Dataset content:
==================================================

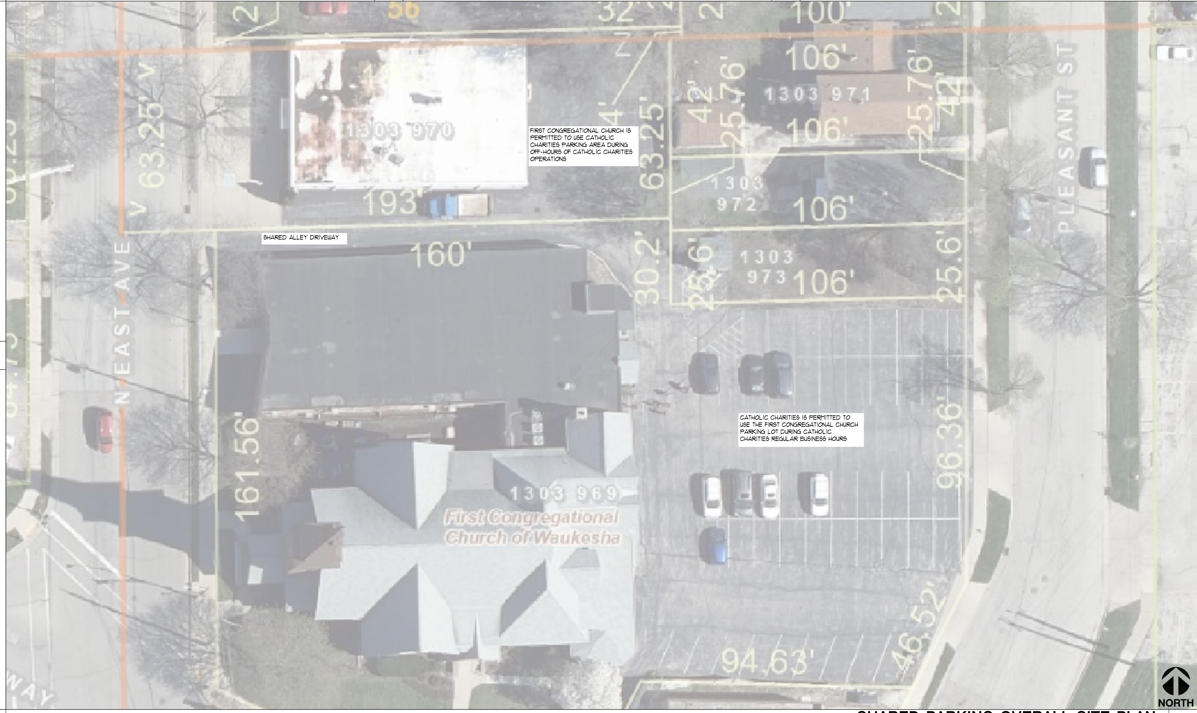
SHARED PARKING OVERALL SITE PLAN 1 1" = 20' - 0"
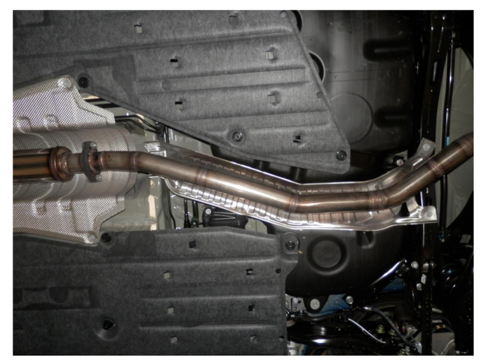
Step 4. Next attach the Y-Pipe Assembly to the Inlet Resonator Assembly by coupling the flanges using the supplied gasket and hardware.

MAGNAFLOW: 22961 Arroyo Vista - Rancho Santa Margarita, CA 92688 | 1(800) 990-0905 Technical Support: 1(800) 959-9226 | Email: moreinfo@magnaflow.com
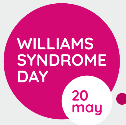
OFFICIAL LOGO To be used in priority

==================================================

Your task:
Your answer should contain all the material above, written out exactly, and none of the pictures.

Answer to this problem:
SHARED PARKING OVERALL SITE PLAN 1 1" = 20' - 0"
Step 4. Next attach the Y-Pipe Assembly to the Inlet Resonator Assembly by coupling the flanges using the supplied gasket and hardware.

MAGNAFLOW: 22961 Arroyo Vista - Rancho Santa Margarita, CA 92688 | 1(800) 990-0905 Technical Support: 1(800) 959-9226 | Email: moreinfo@magnaflow.com
OFFICIAL LOGO To be used in priority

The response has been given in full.